There are many other cases of legitimate references to /etc/passed in the code (not in include_bytes though). It is the user database on *nix, so if you want to know what local users exist (and don't care about ldap etc) it makes sense to process it.
/etc/shadow, less so. But even so, I'm working on a system config management tool and it will have specific code to deal with generating these files.
Base64 and hex byte strings make perfect sense in test suits, I have written file parsers for file that contained such data. For obvious reasons my test suit included examples of those files.
The problem you'll face with any such scanner is two-fold:
There will be false positives; a program that's meant to use base64 will have base64 encoded strings in the tests, if nowhere else, for example.
A malicious attacker can see what the scanner notices, and ensure that their access to something you shouldn't have access to is not noticed by the scanner.

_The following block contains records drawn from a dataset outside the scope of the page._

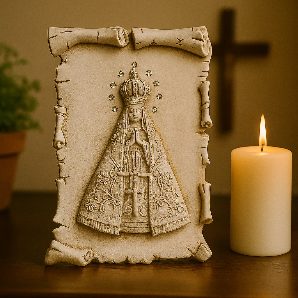 Este adorno de mesa é uma expressão de fé moldada com delicadeza e profundidade. A imagem de Nossa Senhora Aparecida aparece esculpida em relevo sobre uma peça que imita um pergaminho antigo. com detalhes florais. coroa e manto ricamente trabalhados. Pequenos pontos brilhantes ao redor da imagem destacam sua presença com luz e reverência.
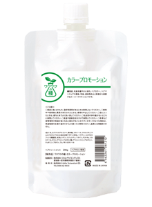 カラープロモーションは、親水性の部分を保護しながら疎水性の部分には浸透を促すため、ヘアカラーやヘアマニキュアの色持ちを強化します。また、刺激を抑えたスーパーケラチンコンクのため、頭皮に優しく、薬剤の影響を軽減します。
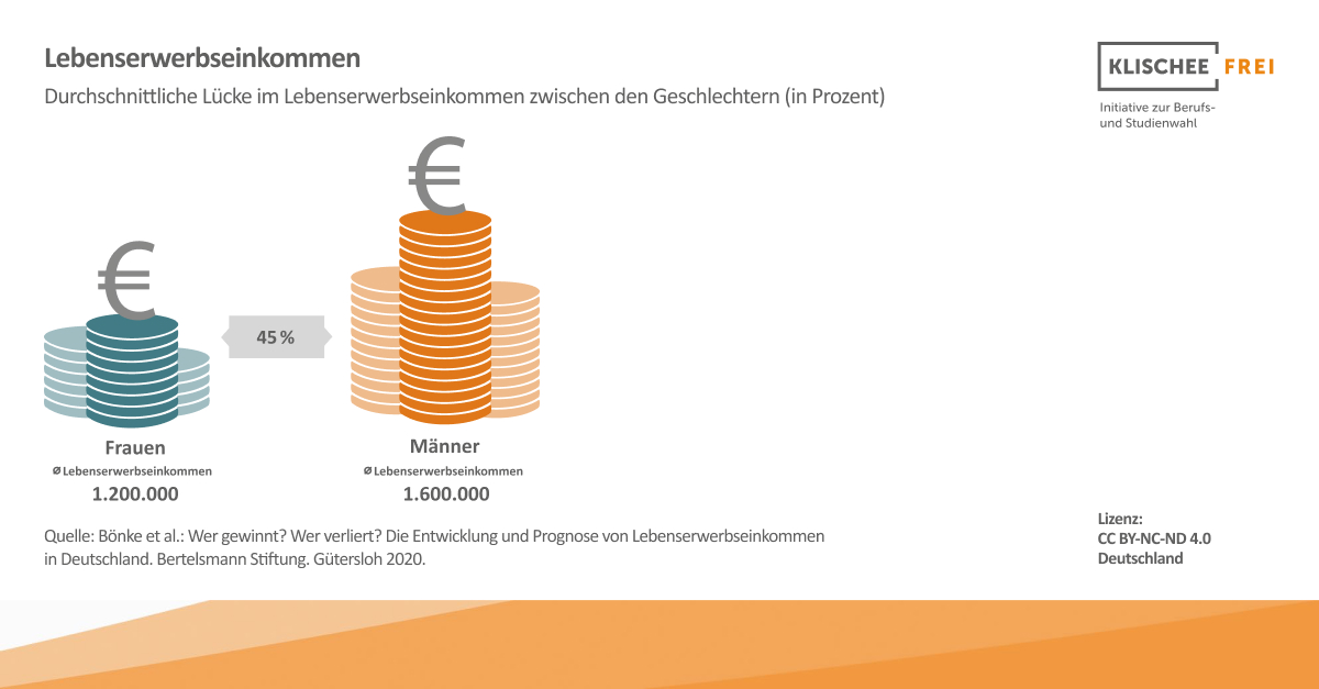 Zitation: Servicestelle der Initiative Klischeefrei: „Lebenserwerbseinkommen", Stand 08/2025, Creative Commons Lizenz (CC BY NC ND 4.0 Deutschland).
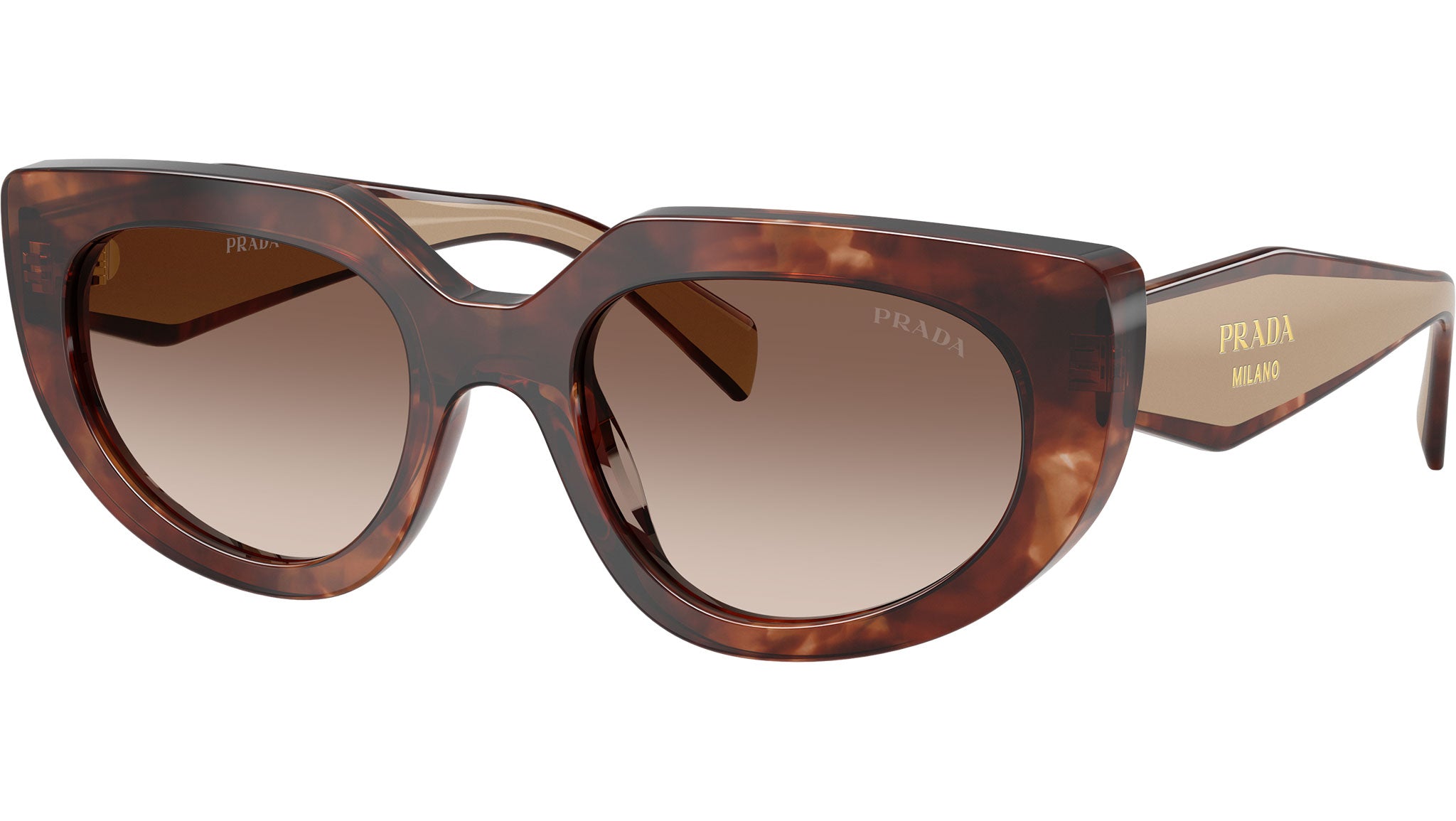 Occhiali da sole Prada PR D02S 00K10S donna con montatura ovale in acetato tartaruga caramello e lenti in bio poliammide color gradiente marrone. Vestibilità a ponte alto. Linea: Design. Codice modello: PRD02S. Codice colore: 00K10S. Made in Italy. Rivenditore autorizzato Prada online. Gli occhiali vengono consegnati con custodia e accessori originali e sono coperti dalla garanzia ufficiale di 12 mesi del produttore.

The only way you can avoid this is by ensuring that the scanner and its output are not available to attackers, only to "good" users, but that raises the question of determining who should have access to the scanner output.
Something like cargo-crev is much more likely to succeed in avoiding this sort of malice; you don't know, as the attacker, what my criteria are for a good or bad review, and thus you can't easily evade me. Further, you can't distinguish automation from a human when you get a bad review; maybe someone gave you a bad review because their scanner said "opens /etc/passwd at compile time", but you don't know that.